While the Chinese government is continuously opening various categories of industries for foreign investors, there are still limitations and restrictions in specific areas for foreign companies without a Joint Venture partner.
However, the Chinese government encourages local corporations to join together with foreign investors to integrate technics, investment, and management experience, while foreign companies obtain easier access to the market and expand their market share.
Thinking of opening a JV?
There are two forms of Joint Venture partnerships between foreign and Chinese corporations recognized by the Chinese government: equity joint venture and Cooperative joint venture, depending on investment method and liability.

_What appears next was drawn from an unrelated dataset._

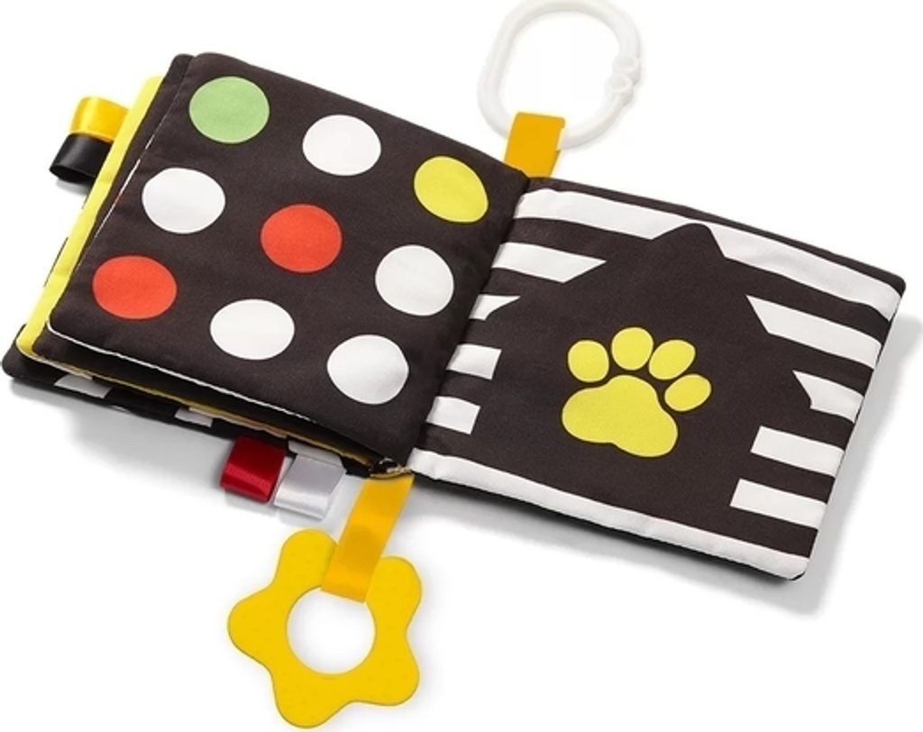 • Kniha má kontrastní barvy, podporující vývoj zraku dítěte

An equity joint venture (EJV) is formed by the contribution of equity from both foreign and Chinese partners on the principle of mutual benefits and limited liability. The foreign investors need to contribute at least 25% of the equity of the company. This ratio is subject to increase to a maximum of 70% (up to USD 3 million) depending on the total registered capital of the joint venture. Investment can be in the forms of cash, real estate, industrial property, equipment, or technology, whose “market value” needs to be assessed by an independent third party. Failure to land the investment capital within a certain time window may lead to a penalty of fines.

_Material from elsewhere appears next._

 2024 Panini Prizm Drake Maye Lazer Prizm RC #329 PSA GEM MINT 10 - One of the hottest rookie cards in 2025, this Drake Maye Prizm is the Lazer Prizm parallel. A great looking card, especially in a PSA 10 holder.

Cooperative Joint Venture (CVJ), so known as a contractual joint venture, comes into two forms: limited liability or unlimited liability. The requirement and regulations of forming a limited liability CJV are very similar to that of an EJV. The foreign entity should provide the majority of the funds and technology, whilst the Chinese partner contributes land, facilities, natural resources, manpower, and a limited amount of money. Compared to EJV, the major difference is that there is no minimum capital requirement for foreign investors.
The unlimited liability CJV is starkly different from EJC and limited liability CJV. Unlike the former, an unlimited CJV provides a means by which a negotiated partnership can be affected by two partners. In this way, a foreign partner can provide capital or expertise that is not directly tied to equity in the partnership. What this means, is that the partner can take a minority stake in the partnership. What‘s more, the partners do not need to establish a new entity to represent them; both partners in the joint venture provide funds, assets, and technology directly in line with the articles of the joint venture, including levels of management. As control of the partnership is not dependent on equity stakes, the foreign partner may also recover their investment in the event that the joint venture ends and reverts to the Chinese partner, so long as those terms are written in the articles at the start of the venture.
There remain many industries that are closed to foreign companies in China, often on the grounds of heritage or national security. For instance, hospitality, chemical, and automotive companies. If you are planning to operate in those limited areas, you still need to cooperate with a Chinese partner to form a joint venture.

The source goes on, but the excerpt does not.